Collateral Order Exception To The Final-Judgment Rule:

The collateral order exception to the final-judgment rule was first announced in Cohen v. Beneficial Indus. Loan Corp., 337 U.S. 541 ('49). Cohen recognized a 'small class' of district court decisions that finally determine claims collateral to other rights asserted in the action and are too important to be deferred until the whole case is adjudicated. Id. at 546. The small class of cases defined in Cohen consists of intermediate decisions satisfying three criteria: (1) the district court's order must finally dispose of the question; (2) the issue must be completely collateral to the cause of action asserted; and (3) the decision must involve an important right that would be 'lost, probably irreparably,' if review must await final judgment. Id.

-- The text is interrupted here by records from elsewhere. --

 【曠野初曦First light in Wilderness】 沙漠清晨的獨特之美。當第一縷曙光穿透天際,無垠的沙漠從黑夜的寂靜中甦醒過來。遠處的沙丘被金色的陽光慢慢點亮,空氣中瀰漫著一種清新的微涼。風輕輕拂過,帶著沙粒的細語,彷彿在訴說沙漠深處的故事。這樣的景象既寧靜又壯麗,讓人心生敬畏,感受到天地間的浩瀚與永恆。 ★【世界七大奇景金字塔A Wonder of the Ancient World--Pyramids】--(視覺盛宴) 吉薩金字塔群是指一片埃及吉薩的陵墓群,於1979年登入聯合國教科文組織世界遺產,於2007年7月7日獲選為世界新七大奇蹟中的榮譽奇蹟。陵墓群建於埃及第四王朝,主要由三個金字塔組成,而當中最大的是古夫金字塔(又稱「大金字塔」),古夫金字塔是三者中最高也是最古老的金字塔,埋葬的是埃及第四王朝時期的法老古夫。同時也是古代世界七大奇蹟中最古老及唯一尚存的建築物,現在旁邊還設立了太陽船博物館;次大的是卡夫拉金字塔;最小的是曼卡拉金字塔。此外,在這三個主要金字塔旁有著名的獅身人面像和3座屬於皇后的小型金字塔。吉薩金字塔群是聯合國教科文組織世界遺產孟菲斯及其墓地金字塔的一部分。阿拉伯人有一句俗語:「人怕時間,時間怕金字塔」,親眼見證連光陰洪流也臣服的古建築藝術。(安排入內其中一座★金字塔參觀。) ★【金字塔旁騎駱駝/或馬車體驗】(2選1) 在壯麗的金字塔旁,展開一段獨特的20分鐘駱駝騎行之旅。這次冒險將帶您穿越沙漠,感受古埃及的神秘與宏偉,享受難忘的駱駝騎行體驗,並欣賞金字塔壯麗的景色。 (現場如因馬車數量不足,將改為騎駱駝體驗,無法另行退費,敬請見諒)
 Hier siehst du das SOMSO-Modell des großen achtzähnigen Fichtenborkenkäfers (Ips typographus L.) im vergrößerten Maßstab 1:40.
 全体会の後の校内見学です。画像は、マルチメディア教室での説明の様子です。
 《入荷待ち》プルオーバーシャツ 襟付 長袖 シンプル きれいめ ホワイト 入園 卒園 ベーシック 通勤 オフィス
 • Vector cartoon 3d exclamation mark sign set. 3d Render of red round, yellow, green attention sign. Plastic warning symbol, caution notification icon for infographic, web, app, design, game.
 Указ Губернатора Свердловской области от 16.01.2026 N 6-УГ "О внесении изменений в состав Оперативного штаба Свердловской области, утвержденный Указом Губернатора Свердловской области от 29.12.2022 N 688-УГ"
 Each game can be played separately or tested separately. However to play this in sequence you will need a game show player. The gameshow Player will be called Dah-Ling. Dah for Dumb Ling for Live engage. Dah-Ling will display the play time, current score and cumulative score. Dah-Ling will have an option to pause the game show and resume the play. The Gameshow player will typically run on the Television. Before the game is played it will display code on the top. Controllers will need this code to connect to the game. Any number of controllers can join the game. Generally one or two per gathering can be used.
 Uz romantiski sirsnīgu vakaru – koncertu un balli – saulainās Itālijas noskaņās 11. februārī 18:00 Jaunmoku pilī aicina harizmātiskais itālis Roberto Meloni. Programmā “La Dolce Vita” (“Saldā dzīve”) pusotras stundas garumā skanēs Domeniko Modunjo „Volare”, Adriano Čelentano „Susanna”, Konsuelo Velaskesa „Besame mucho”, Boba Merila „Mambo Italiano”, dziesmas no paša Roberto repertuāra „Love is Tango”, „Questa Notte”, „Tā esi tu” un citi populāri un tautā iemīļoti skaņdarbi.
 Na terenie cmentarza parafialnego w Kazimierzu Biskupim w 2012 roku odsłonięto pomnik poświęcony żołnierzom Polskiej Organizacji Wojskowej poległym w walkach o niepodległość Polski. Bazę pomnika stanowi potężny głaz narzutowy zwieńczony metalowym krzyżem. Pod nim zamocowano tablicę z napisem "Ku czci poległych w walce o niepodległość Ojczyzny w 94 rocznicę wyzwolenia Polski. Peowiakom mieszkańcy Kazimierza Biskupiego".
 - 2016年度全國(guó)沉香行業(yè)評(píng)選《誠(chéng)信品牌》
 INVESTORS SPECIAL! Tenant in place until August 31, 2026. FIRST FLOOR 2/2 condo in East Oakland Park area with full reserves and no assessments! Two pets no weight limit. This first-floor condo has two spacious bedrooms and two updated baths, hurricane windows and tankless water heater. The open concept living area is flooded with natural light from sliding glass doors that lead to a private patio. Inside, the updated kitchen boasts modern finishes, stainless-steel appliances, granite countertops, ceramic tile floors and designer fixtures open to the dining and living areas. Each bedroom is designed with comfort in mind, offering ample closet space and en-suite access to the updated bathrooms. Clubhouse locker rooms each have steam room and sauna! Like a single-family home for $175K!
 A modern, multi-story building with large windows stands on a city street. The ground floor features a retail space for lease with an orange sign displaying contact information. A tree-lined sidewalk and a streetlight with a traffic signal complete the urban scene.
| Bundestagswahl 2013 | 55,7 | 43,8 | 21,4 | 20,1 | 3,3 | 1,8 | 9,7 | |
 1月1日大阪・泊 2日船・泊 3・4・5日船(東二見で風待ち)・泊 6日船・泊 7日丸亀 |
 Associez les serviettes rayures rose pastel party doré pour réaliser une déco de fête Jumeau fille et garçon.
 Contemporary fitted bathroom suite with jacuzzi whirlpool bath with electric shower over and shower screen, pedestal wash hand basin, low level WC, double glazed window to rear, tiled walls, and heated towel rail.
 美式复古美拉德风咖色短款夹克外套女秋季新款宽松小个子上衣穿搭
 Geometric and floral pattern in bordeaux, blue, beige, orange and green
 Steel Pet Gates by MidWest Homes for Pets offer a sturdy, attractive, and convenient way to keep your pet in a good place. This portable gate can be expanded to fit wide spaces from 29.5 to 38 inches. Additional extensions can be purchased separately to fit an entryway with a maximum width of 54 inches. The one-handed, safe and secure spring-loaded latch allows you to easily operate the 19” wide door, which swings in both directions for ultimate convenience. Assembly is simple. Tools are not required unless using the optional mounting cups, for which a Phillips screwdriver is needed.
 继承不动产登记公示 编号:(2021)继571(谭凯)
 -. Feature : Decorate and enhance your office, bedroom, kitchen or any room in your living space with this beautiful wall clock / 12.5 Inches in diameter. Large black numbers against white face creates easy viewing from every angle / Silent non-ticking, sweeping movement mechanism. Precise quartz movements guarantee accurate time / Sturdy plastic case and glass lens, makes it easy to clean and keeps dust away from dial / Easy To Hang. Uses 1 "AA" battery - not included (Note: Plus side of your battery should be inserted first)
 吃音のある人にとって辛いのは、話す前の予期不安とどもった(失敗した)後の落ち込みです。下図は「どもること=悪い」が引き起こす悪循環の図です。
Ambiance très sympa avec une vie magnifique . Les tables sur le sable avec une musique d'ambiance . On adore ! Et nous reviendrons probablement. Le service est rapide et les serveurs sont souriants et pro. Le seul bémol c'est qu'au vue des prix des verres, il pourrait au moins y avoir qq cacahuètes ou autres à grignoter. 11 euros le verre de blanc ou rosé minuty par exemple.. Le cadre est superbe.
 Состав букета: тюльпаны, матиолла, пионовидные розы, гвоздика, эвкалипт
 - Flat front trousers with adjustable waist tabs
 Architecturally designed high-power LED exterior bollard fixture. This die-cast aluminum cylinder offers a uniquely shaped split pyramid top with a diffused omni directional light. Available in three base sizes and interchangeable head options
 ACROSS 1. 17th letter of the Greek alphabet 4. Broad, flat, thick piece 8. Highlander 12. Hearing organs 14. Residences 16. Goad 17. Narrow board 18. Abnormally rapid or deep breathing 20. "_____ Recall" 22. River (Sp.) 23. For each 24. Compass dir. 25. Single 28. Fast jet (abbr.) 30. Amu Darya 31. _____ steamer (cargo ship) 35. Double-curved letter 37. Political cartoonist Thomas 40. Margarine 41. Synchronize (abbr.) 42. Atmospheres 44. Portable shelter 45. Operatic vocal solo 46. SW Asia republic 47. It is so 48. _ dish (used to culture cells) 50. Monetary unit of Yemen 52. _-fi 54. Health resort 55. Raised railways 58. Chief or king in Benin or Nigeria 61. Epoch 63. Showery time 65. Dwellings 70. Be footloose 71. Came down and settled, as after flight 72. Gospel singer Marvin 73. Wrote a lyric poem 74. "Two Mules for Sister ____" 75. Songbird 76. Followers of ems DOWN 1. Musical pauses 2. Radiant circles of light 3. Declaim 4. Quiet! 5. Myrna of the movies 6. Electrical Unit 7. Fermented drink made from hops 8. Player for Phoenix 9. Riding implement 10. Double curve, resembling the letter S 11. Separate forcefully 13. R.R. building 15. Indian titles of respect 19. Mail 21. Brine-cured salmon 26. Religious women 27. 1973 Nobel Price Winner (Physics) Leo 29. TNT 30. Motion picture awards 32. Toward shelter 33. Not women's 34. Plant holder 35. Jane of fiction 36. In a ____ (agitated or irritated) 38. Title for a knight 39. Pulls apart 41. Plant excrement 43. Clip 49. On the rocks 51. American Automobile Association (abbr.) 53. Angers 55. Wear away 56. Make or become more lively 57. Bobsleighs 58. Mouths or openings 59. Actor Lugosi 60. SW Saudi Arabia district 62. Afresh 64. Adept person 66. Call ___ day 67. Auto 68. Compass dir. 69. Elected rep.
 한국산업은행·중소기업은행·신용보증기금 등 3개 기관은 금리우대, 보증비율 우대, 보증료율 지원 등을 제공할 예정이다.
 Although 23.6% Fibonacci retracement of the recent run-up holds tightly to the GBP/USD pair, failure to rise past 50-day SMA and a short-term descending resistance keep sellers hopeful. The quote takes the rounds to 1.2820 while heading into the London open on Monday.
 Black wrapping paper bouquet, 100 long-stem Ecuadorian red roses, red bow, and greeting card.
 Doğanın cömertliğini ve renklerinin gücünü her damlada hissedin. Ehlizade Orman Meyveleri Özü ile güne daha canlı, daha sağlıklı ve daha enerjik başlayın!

An order dissolving a preliminary injunction is an interlocutory order appealable under 28 U.S.C. S 1292(a)(1). Other, usually not appealable, orders are reviewable if their legality is inextricably bound up with the legality of the dissolution of the injunction. 28 U.S.C. S 1292(a)(1) confers jurisdiction not only over orders concerning injunctions, but also over matters inextricably bound up with the injunctive order from which appeal is taken. Transworld Airlines v. American Coupon Exch., 913 F.2d 676, 680 (9th Cir.'90). A summary judgment order that provides the legal authority to issue an injunction--that constitutes a 'necessary predicate' to complete review of the injunction--is inextricably bound up with the injunction. See id.

Where the justification for an interlocutory order is 'identical' to the justification for an interlocutory injunction, the former ruling is appealable as a merits order inextricably bound up with the injunctive ruling. Id. at 681.